Every dropped / clamped / renamed field is reported in the warnings array, so you can surface them to operators in logs. Nothing fails silently.

Provider-specific escape hatch

If you need to forward a field the canonical shape doesn't cover, attach it under provider_options. Only the entry matching the active provider is merged into the upstream body:

convertChatRequest({
  model: 'claude-opus-4-6',
  messages: [...],
  provider_options: {
    anthropic: { metadata: { user_id: 'u_42' } },
    openai: { service_tier: 'priority' },
  },
}, 'anthropic');
// body.metadata = { user_id: 'u_42' }; the openai entry is ignored.

Retry policy helper

import { isRetryableUpstreamStatus, UpstreamError } from '@encorp.ai/llm-open-proxy';

try {
  return await sendChatRequest({ apiKey, body });
} catch (err) {
  if (err instanceof UpstreamError && isRetryableUpstreamStatus(err.statusCode)) {
    // 408, 429, 5xx, 404 — safe to retry against a fallback model
  }
  throw err;
}

true for 408, 429, 5xx, 404. false for client-side problems (400, 401, 403, 422), since retrying those against any upstream will fail the same way. See examples/03-multi-provider for a full fallback-chain implementation.

Tree-shaking

Each provider is exposed as a separate entry point so you only pull in what you use:

import { anthropicChatConfig } from '@encorp.ai/llm-open-proxy/providers/anthropic';

Tests

The suite uses Node's built-in test runner — no test-framework dependency.

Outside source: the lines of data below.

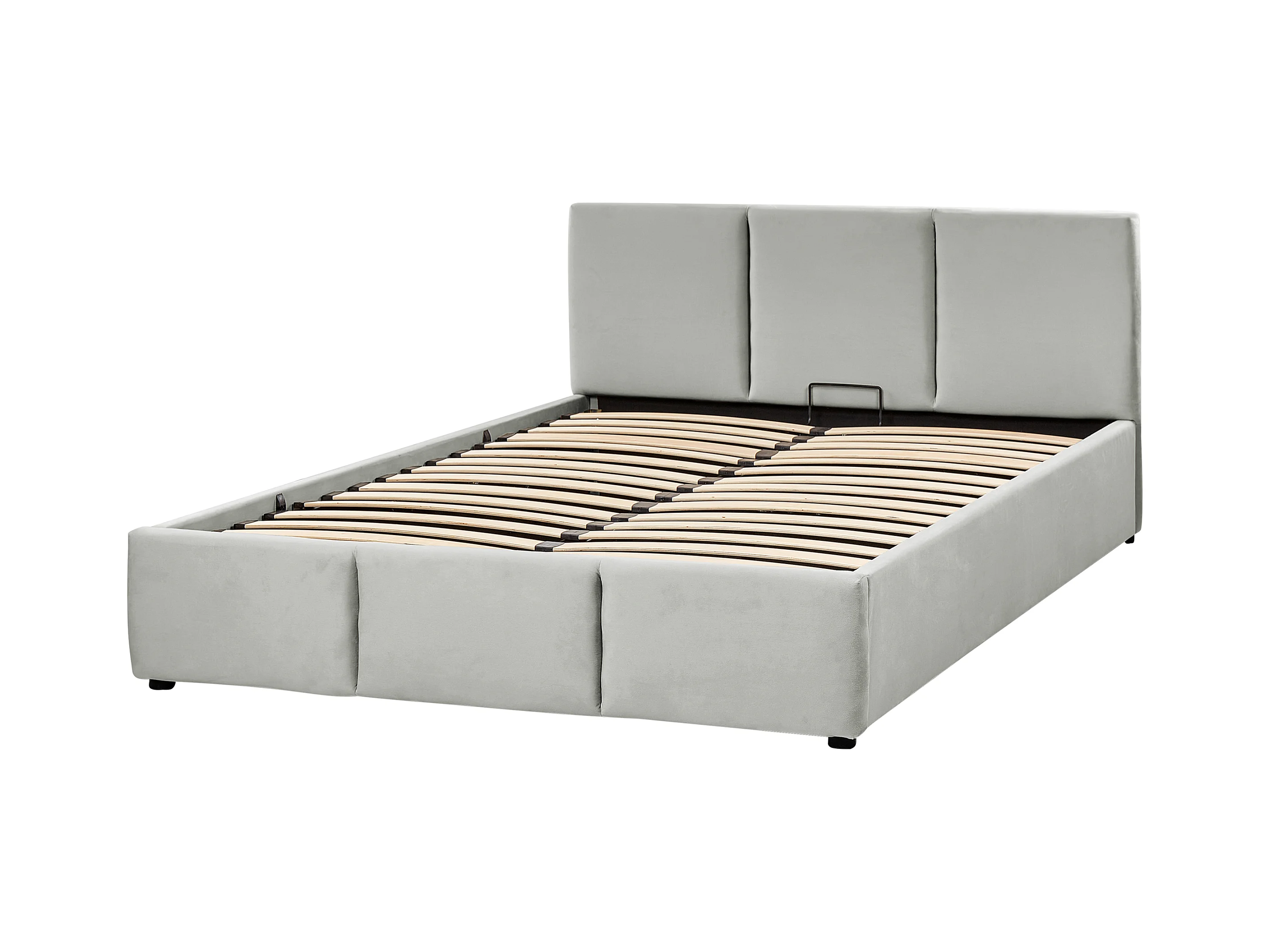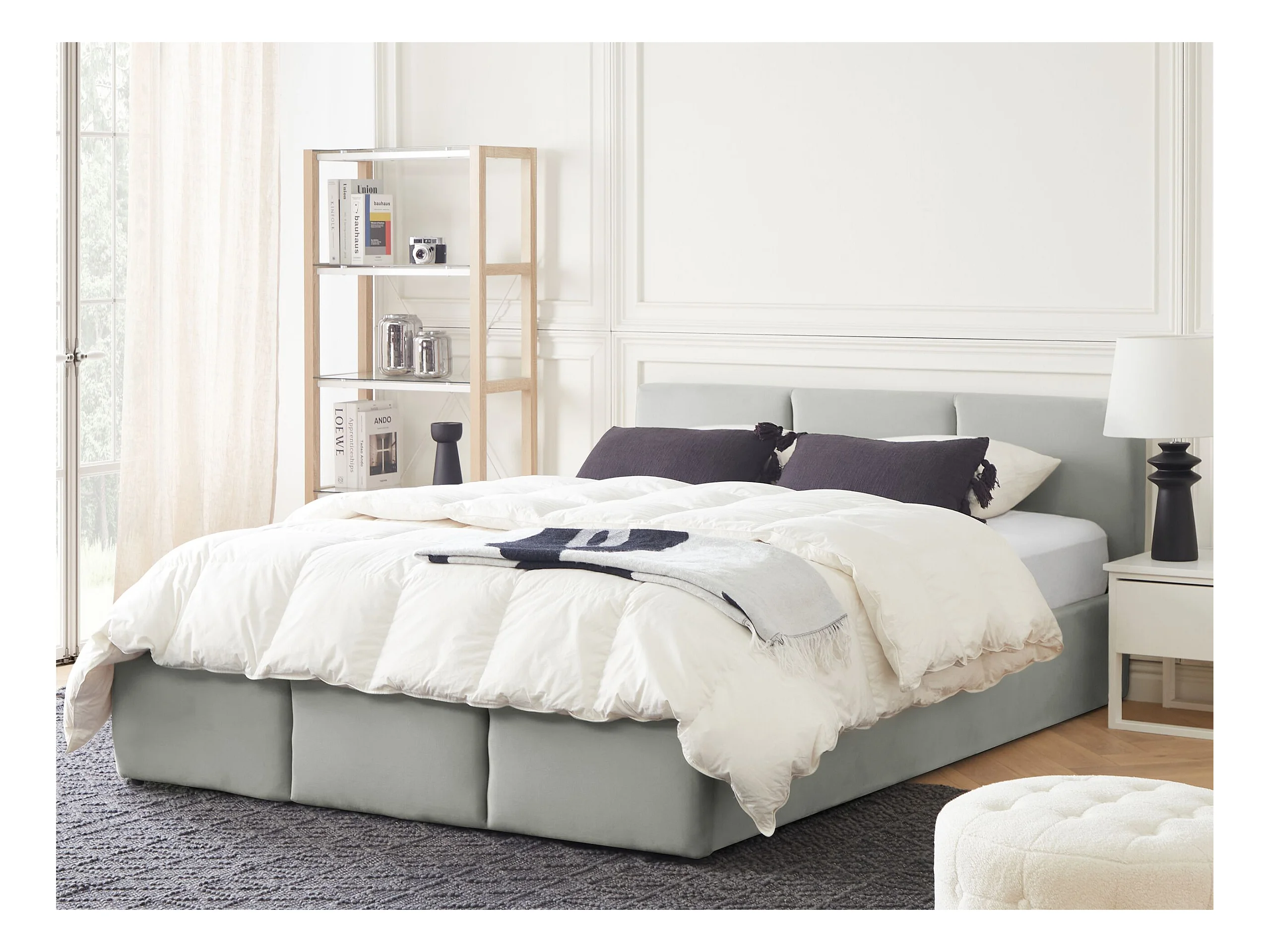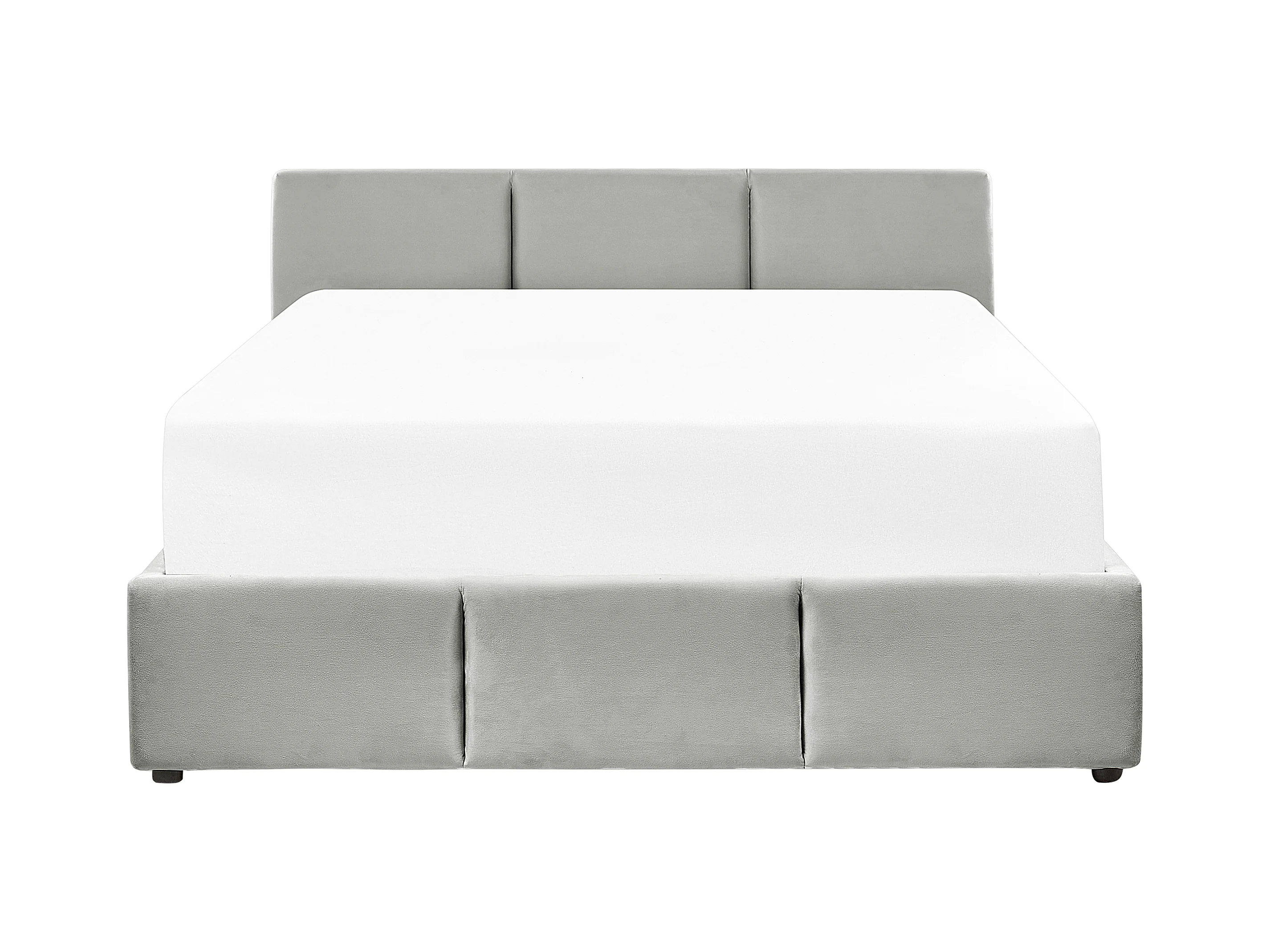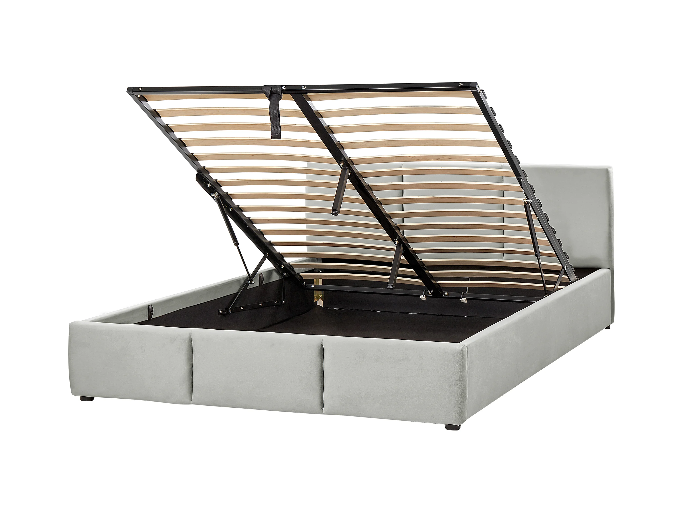 Bett Samt helles Grau mit hohem Kopfteil Lattenrost 160x200 cm Bettkasten Bousse
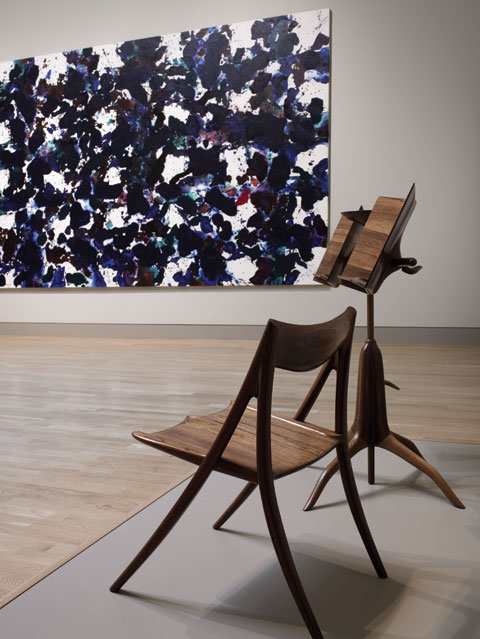 The curators—Jessica Todd Smith, Harold B. "Hal" Nelson, and Kevin Murphy—were planning the reinstallation of the Virginia Steele Scott Galleries of American Art, and they hoped to borrow something from the famed artist that would best represent not only his craftsmanship but also his central role in the arts and crafts community of Southern California. An article in Huntington Frontiers from Spring/Summer 2009 describes the moment they spotted the Double Music Stand and Musician's Chair, which Maloof had made in 1972 for his friend Jan Hlinka, then a violist for the Los Angeles Philharmonic.
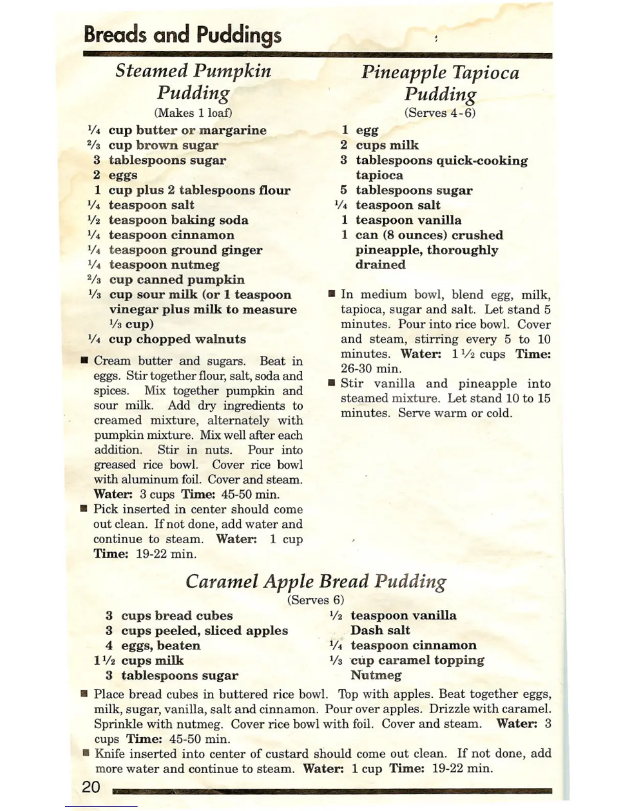 morewater and continue to steam. Water: 1 cup Time: 19-22 min.

npm test               # build + run (199 tests, ~0.5s)
npm run test:coverage  # build + run with 100% line/branch/function coverage

Coverage is enforced at 100% for line, branch and function, across the engine, every provider config, the OpenAI/Anthropic transports, and the SSE-bridge translator. Transport tests stub globalThis.fetch so they run hermetically.

Examples

| # | Folder | Demonstrates | |---|---|---| | 1 | 01-basic-anthropic | One-shot Anthropic call with response translation | | 2 | 02-streaming | OpenAI-format SSE produced from an Anthropic upstream | | 3 | 03-multi-provider | Multi-provider router with retry-on-5xx fallback | | 4 | 04-express-proxy | Drop-in Express HTTP gateway |

Generating the docs locally

./scripts/build-docs.sh
npx --yes http-server _site -p 8080 -o

The CI workflow at .github/workflows/docs.yml does the same on every push to main and deploys to GitHub Pages.

Status

0.x — API may still change. Chat completions only. Audio, images, and embeddings translation are out of scope for v1 because they are far more provider-specific (and most use cases just call the native provider SDK for those modalities anyway).